Доктор Харли осмотрел ее, сделал анализы и сказал:
– По-моему, ничего серьезного. Дня через два получим результаты. Позвоните в среду.
Рано утром Кейт позвонила доктору Харли.
– Хорошие новости, миссис Блэкуэлл! – весело объявил тот. – У вас будет ребенок!
Этот момент стал одним из самых счастливых в жизни Кейт. Ей не терпелось все рассказать Дэвиду. Никогда еще она не видела мужа в таком волнении. Он подхватил Кейт на руки и прошептал:
– У нас будет девочка, похожая на тебя, как две капли воды!
А в глубине души понадеялся, что теперь, с рождением малыша, Кейт хоть немного забудет о делах, почувствует себя женщиной и матерью.

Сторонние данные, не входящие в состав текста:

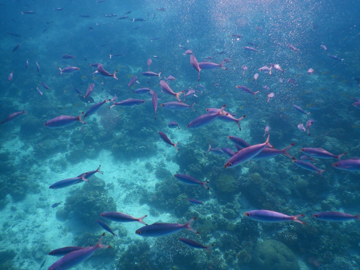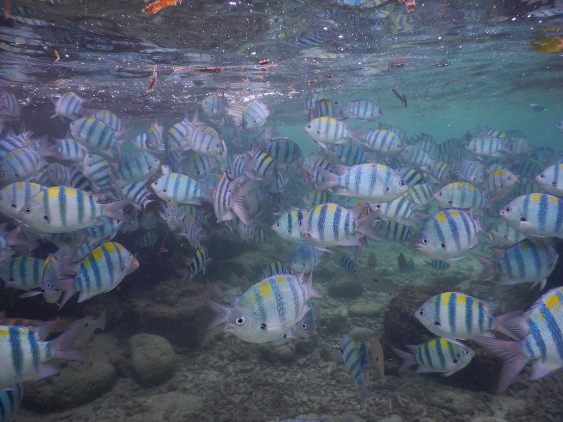 ナルスアン桟橋下のシュノーケリングスポットにはものすごい量の魚がいます。ここもまたオヤビッチャ祭りですが、オヤビッチャ以外にもたくさんいます。
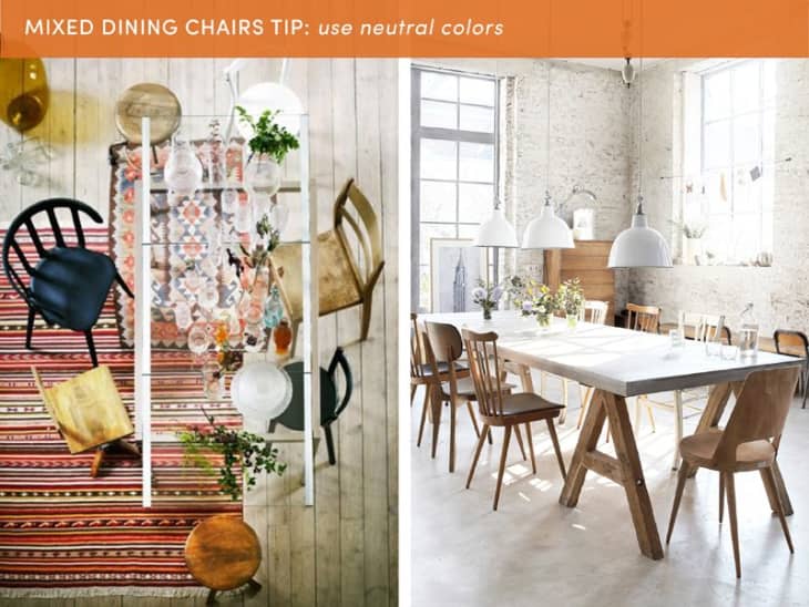 Mixing dining chairs and pairing by era adds a sense of consistency to the look.
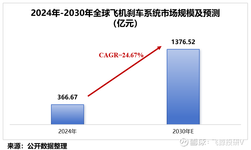 据预测,随着国产大飞机的爆发式增长和军机的更新换代,到2030年,全球飞机刹车系统市场的规模有望达1376.52亿元,年均复合增长率约24.67%。
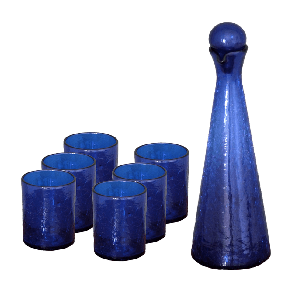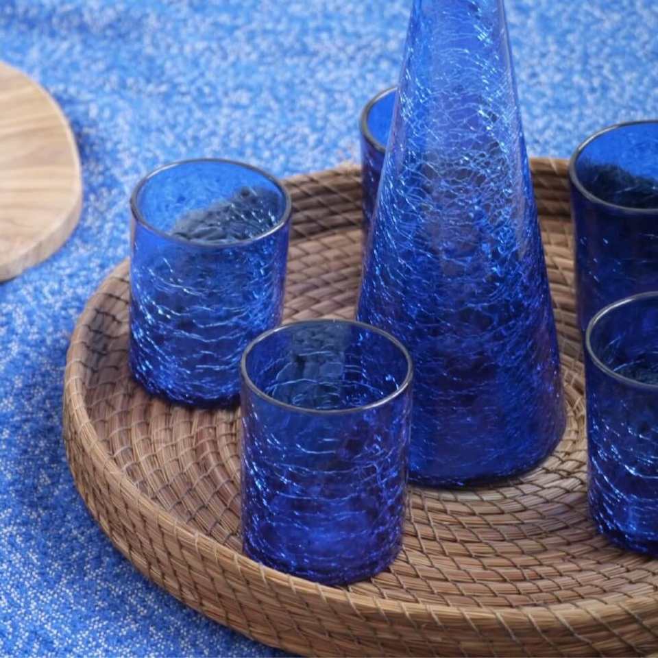 Kara ชุดแก้วแบบเป่าสีน้ำเงินเข้มแตกและมีรอยแตก6ชิ้น & เหยือกใส่ของ
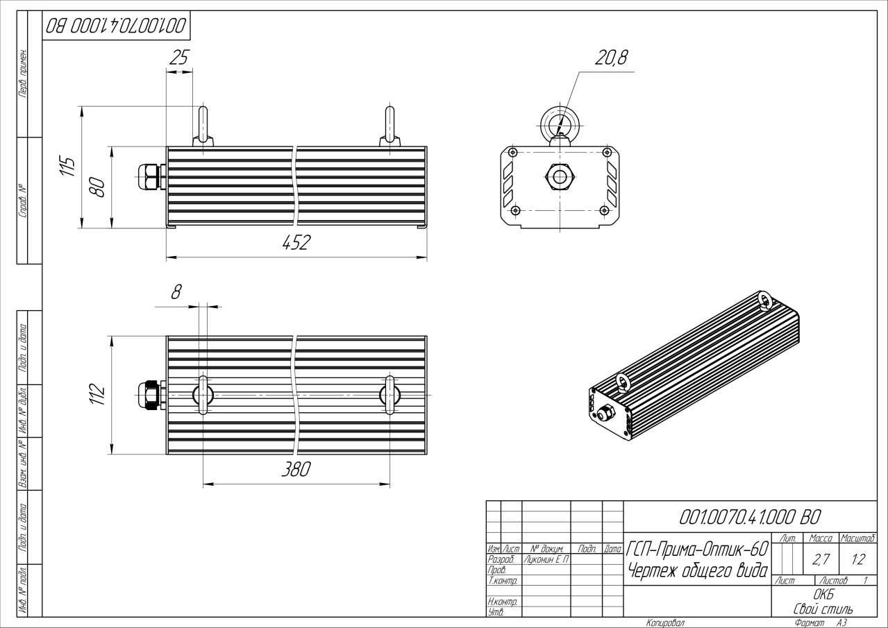 | Габаритные размеры (ДxШxВ), мм | 452x112x80 |
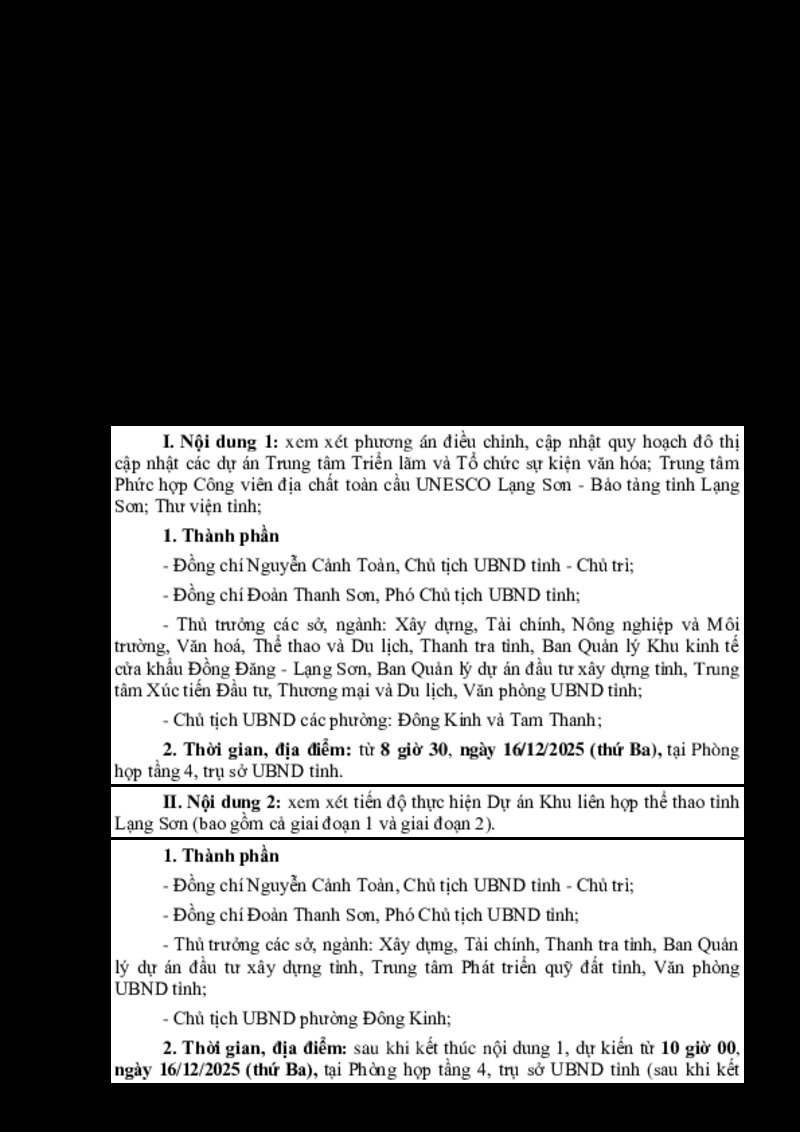 | Tiêu đề văn bản | Họp xem xét phương án quy hoạch liên quan đến các dự án đầu tư công thuộc lĩnh vực văn hóa, dự kiến khởi công mới thuộc Kế hoạch đầu tư công giai đoạn 2026-2030; tiến độ thực hiện Dự án Khu liên hợp thể thao tỉnh Lạng Sơn | ||

Кейт же была уверена: родится мальчик и в один прекрасный день станет главой «Крюгер-Брент».
Приближалось время родов, но Кейт по-прежнему приходила в офис каждый день, хотя уже не задерживалась допоздна.
– Бизнес подождет, отдыхай побольше, – советовал Дэвид, не понимая, что работа и была лучшим отдыхом для жены. Ребенок должен был появиться на свет в декабре.

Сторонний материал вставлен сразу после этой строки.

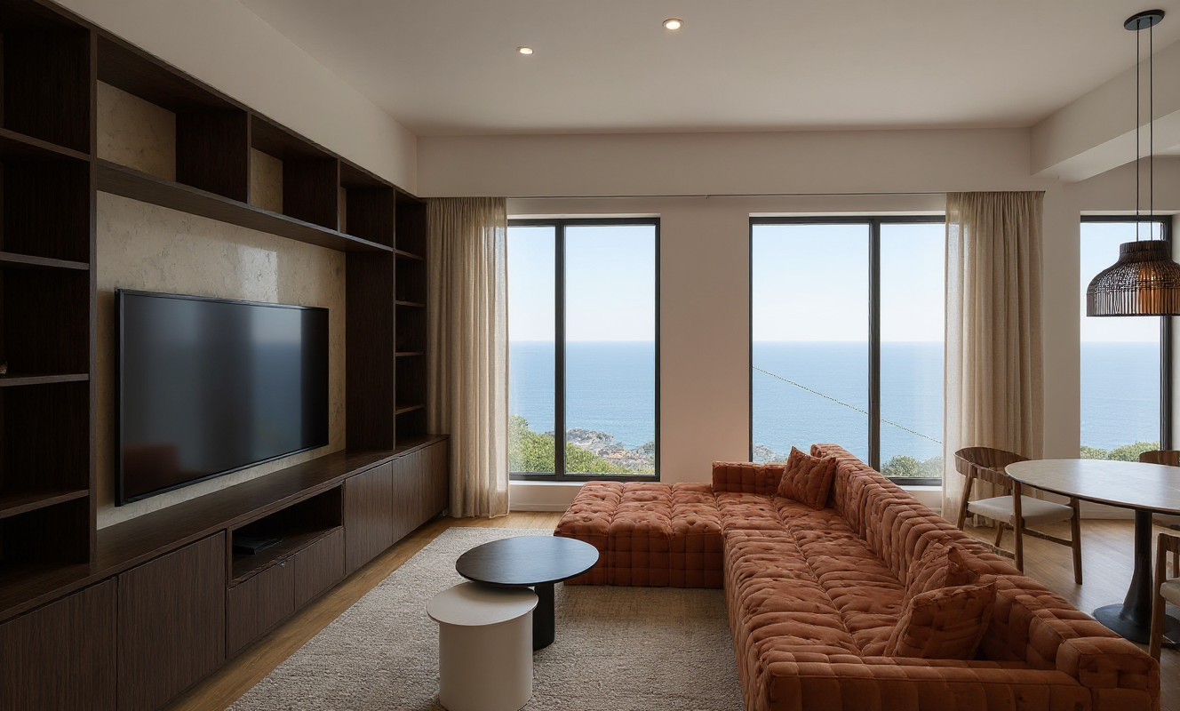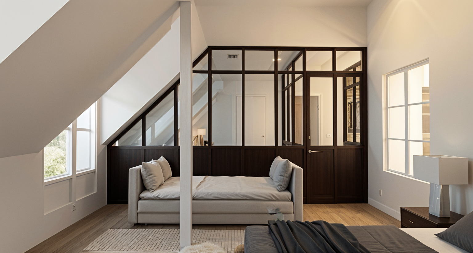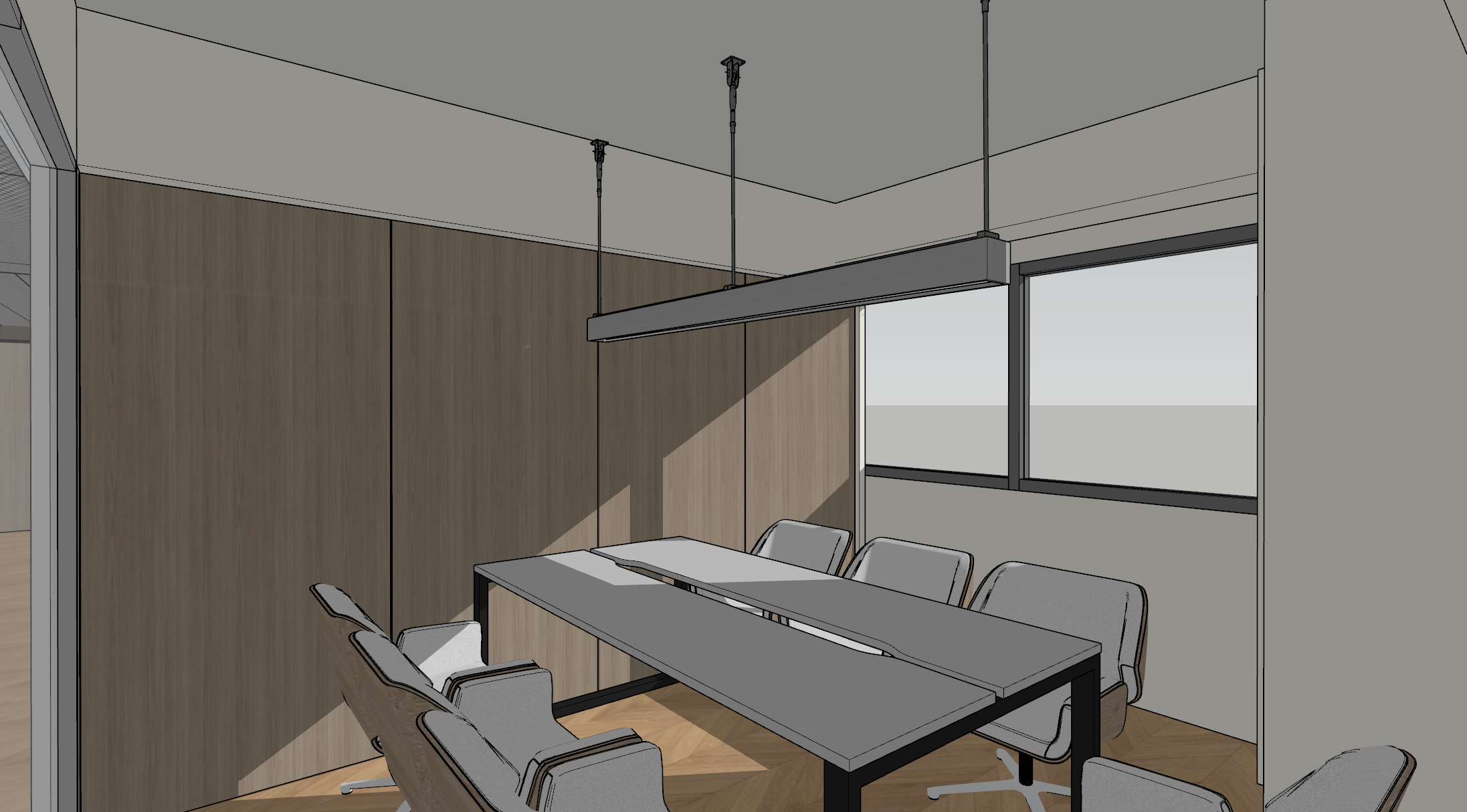 modern office interior with a spacious open plan layout featuring rows of sleek light colored walnut chairs and minimalist white desks set against soft gray walnut walls natural light pours in through large windows creating a bright and airy atmosphere the ceiling is dotted with contemporary linear lighting fixtures adding a touch of elegance the metal frame for the glass gives a white color the floor of the conference room is a slightly darker beige carpet finish maintain the camera angle and scale

– Постараюсь родить двадцать пятого, – обещала Дэвиду Кейт. – Он будет нашим рождественским подарком.
Лучшего Рождества у них еще не было! Она стала главой огромного концерна, вышла замуж за человека, которого любила, и родит ему ребенка. Так думала Кейт, совсем не замечая горькой иронии в том, что на первом месте в жизни ставит именно « Крюгер-Брент Лимитед»…

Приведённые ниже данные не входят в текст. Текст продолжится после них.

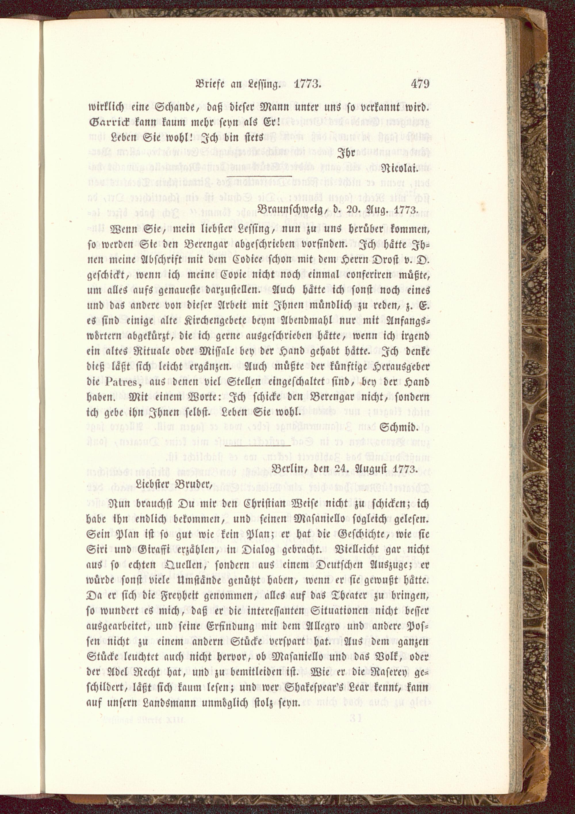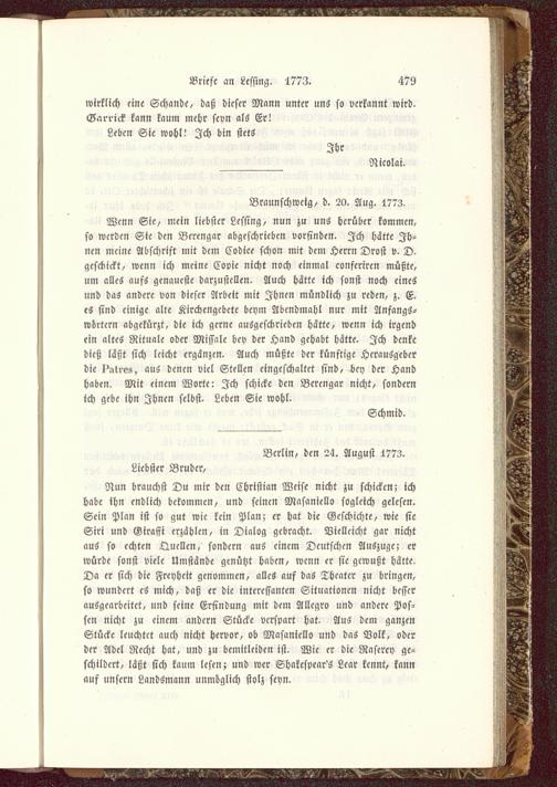 Nun brauchst Du mir den Christian Weise nicht zu schicken; ichhabe ihn endlich bekommen, und seinen Masanicllo sogleich gelesen.Sein Plan ist so gut wie kein Plan, er hat die Geschichte, wie sieSiri und Giraffi erzählen, in Dialog gebracht. Vielleicht gar nichtaus so echten Quellen, sondern aus einem Deutschen Auszuge, erwürde sonst viele Umstände genützt haben, wenn er sie gewußt hätte.Da er sich die Freyheit genommen, alles auf das Theater zu bringen,so wundert es mich, daß er die interessanten Situationen nicht besserausgearbeitet, und seine Erfindung mit dem Allcgro und andere Pos-sen nicht zu einem andern Stücke verspätt hat. AuS dem ganzenStücke leuchtet auch nicht hervor, ob Masanicllo und das Volk, oderder Adel Recht hat, und zu bemitleiden ist. Wie er die Raserey ge-schildert, läßt sich kaum lesen; und wer Shakespcar'S Lear kennt, kannauf unsern Landsmann unmöglich stolz seyn.
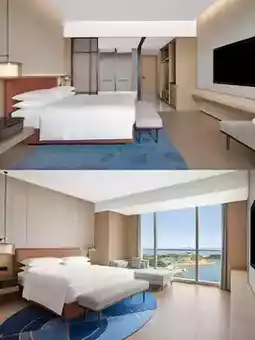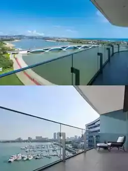 Upgraded suite in 7th floor sea view room with oversized balcony with good view of lighthouse and world sailing base Large room size, probably 100 square, 60+ inch TV, one good spare brand for bedroom and living room.
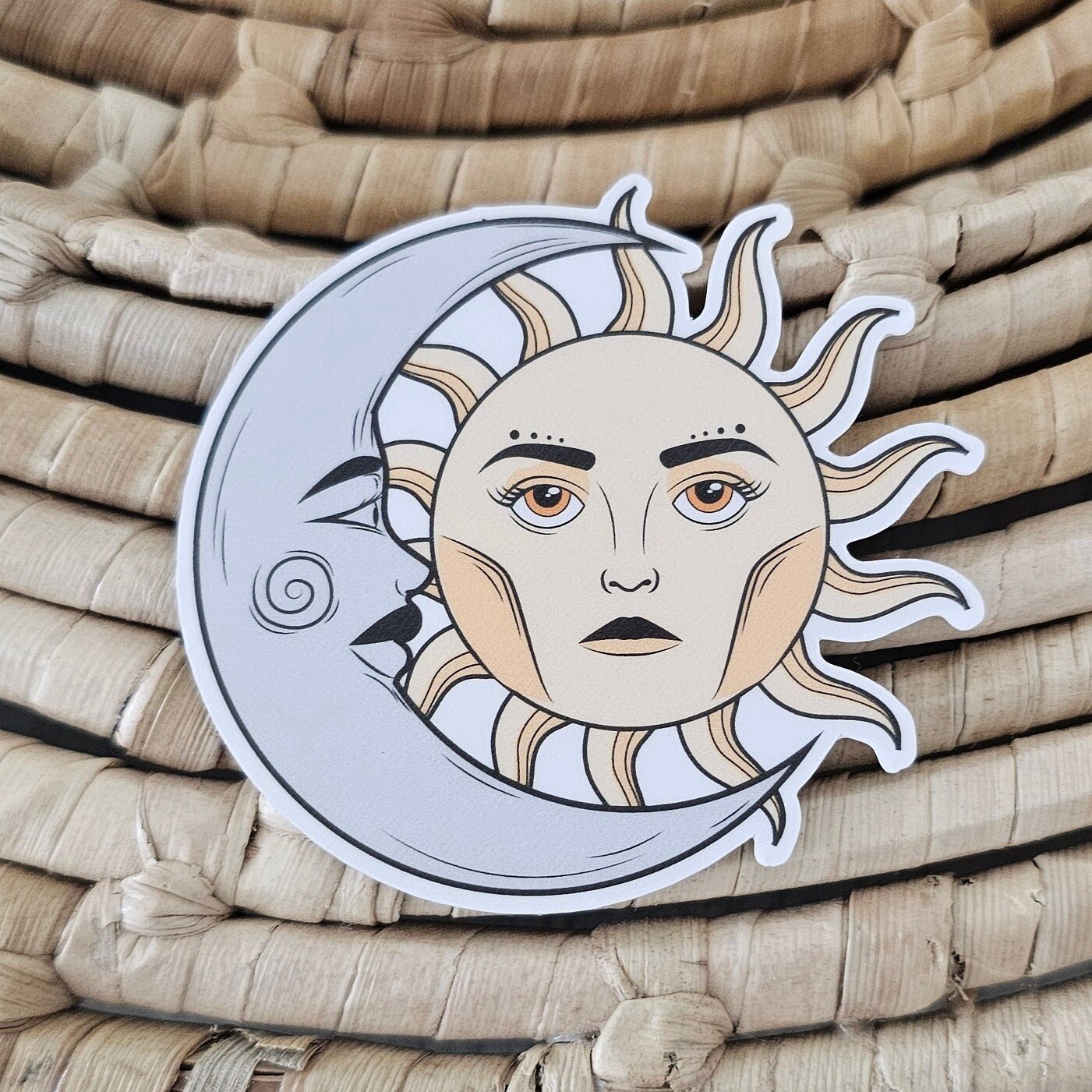 Boho sun and moon sticker, sticker for water bottle, water resistant sticker

Она уже с трудом передвигалась, и ездить па работу становилось все тяжелее, но, когда Дэвид и Брэд Роджерс просили Кейт остаться дома, в ответ неизменно звучали:
– Мой мозг по-прежнему работает нормально.
За два месяца до родов Дэвид отправился в Южную Африку инспектировать рудники и должен был возвратиться в Нью-Йорк через неделю. Кейт, как всегда, сидела за письменным столом, когда в кабинет без доклада вошел Брэд. Взглянув на его мрачное лицо, Кейт охнула:
– Сделка с Шенноном сорвалась!
– Нет. Я… Кейт, мне только сейчас сообщили. Произошел несчастный случай. Взрыв на шахте. Сердце Кейт упало.
– Где? Как? Плохи дела? Кто-нибудь погиб? Брэд глубоко вздохнул:
– Шесть человек. Кейт, там… Дэвид был с ними. Ужасные слова, казалось, заполнили комнату, эхом отдались от деревянных панелей, прокатились грохотом по коридорам, пока наконец не слились в ее ушах непрерывным воплем, стали каменным водопадом, засыпающим ее, и Кейт почувствовала, как затягивает водоворот, глубже, глубже, пока не стало сил дышать. И все вокруг стихло и почернело.
***
Ребенок родился через час, двумя месяцами раньше срока. Кейт назвала его Энтони Джеймс Блэкуэлл, в честь отца Дэвида.
«Я буду любить тебя, сынок, и за себя и за твоего погибшего отца», – поклялась она.
Месяц спустя новый особняк на Пятой авеню был окончательно отстроен, и Кейт с ребенком и штатом прислуги перебралась туда. Для того, чтобы обставить дом, понадобилось разорить два старинных итальянских замка.
Получился сказочный дворец, с итальянской резной ореховой мебелью шестнадцатого века, полами из розового мрамора, окаймленного оранжево-красными плитами; в библиотеке, отделанной дубовыми панелями, стоял великолепный камин восемнадцатого столетия, над которым висела картина Гольбейна. Были в доме и охотничья комната, содержащая коллекцию ружей Дэвида, и галерея, увешанная произведениями Рембрандта, Вермеера, Веласкеса и Беллини, большая зала, солярий, огромная столовая, детская и бесчисленное количество спален.
В великолепном саду стояли статуи Родена, Огюста Сен Годена и Майоля.
Это был поистине королевский дворец. И юный король в нем поселился. Больше Кейт ничего и делать не могла.
В 1928 году, когда Тони исполнилось четыре, Кейт отдала его в детский сад. Сын рос красивым серьезным мальчиком с материнскими серыми глазами и упрямым подбородком. Он ходил на уроки музыки, а с пяти лет учился в танцевальной школе. Мать и сын часто проводили лето в Сидар-Хилл-Хаус. Кейт купила восьмифунтовую моторную яхту «Корсар» и вместе с Тони часто плавала вдоль побережья Мэна. Тони обожал морские прогулки.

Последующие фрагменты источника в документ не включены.